Note that the "fairness" we are quantifying here is premised on a very context-specific definition: there is no universal definition of fairness, just as there is no "ultimate meaning", which is why MEV will always exist to some degree. However, if each application can order transactions based on the above general mathematical insights above applied to their specific context, we can meaningfully reduce MEV.

In practice, this means that to avoid maximally unfair payoffs, we need to have a sufficiently large set of possible orderings and there needs to be a large degree of overlap between the possible orderings and the Fourier coefficient. One way to achieve this is an open marketplace for mechanisms at the application level.

Generally suave

This is exactly what SUAVE is: an open marketplace for applications that determine specific ways of ordering transactions, such that we can provide approximate fairness guarantees in general, i.e. across any new use case that occurs indefinitely into the future.
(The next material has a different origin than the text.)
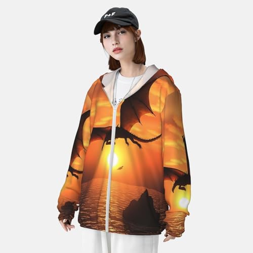 HOT ! Men's Sun Shirts UPF 50+ Sea Sunset Flying Dragon Sun Protection Hoodie Lightweight Long Sleeve Rash Guard

It's important to understand the general nature of SUAVE. As we have stressed, MEV is a general phenomenon which arises from the time it takes to communicate. People have been aware of this for centuries, but no-one has attempted to build systems that can account for it, because no-one had the sort of verifiable commitment devices (blockchains) we enjoy.

Bitcoin represents a new medium with/in which we can coordinate the creation and distribution of money. Ethereum represents a new medium with/in which we can coordinate in general. However, the commitments this requires are public, which means that the information they contain can be manipulated in the time it takes to verify a new block, creating unfair outcomes for those seeking to coordinate.

SUAVE represents a new medium with/in which we can coordinate how everyone coordinates. SUAVE is the metacognition for every other coordination system. And we do mean every other coordination system: everything from blockchains to traditional exchanges to Google AdWords suffers from some version of MEV.

If you reflected on that fact that people taking leverage serves as the basis for all payoff functions, you might begin to sense how deep this runs. Derivatives are weapons of mass destruction not because of some intrinsic flaw in their own structure, but because the market mechanisms used to trade them cannot account for the way that liquidations skew payoff functions. SUAVE fixes this.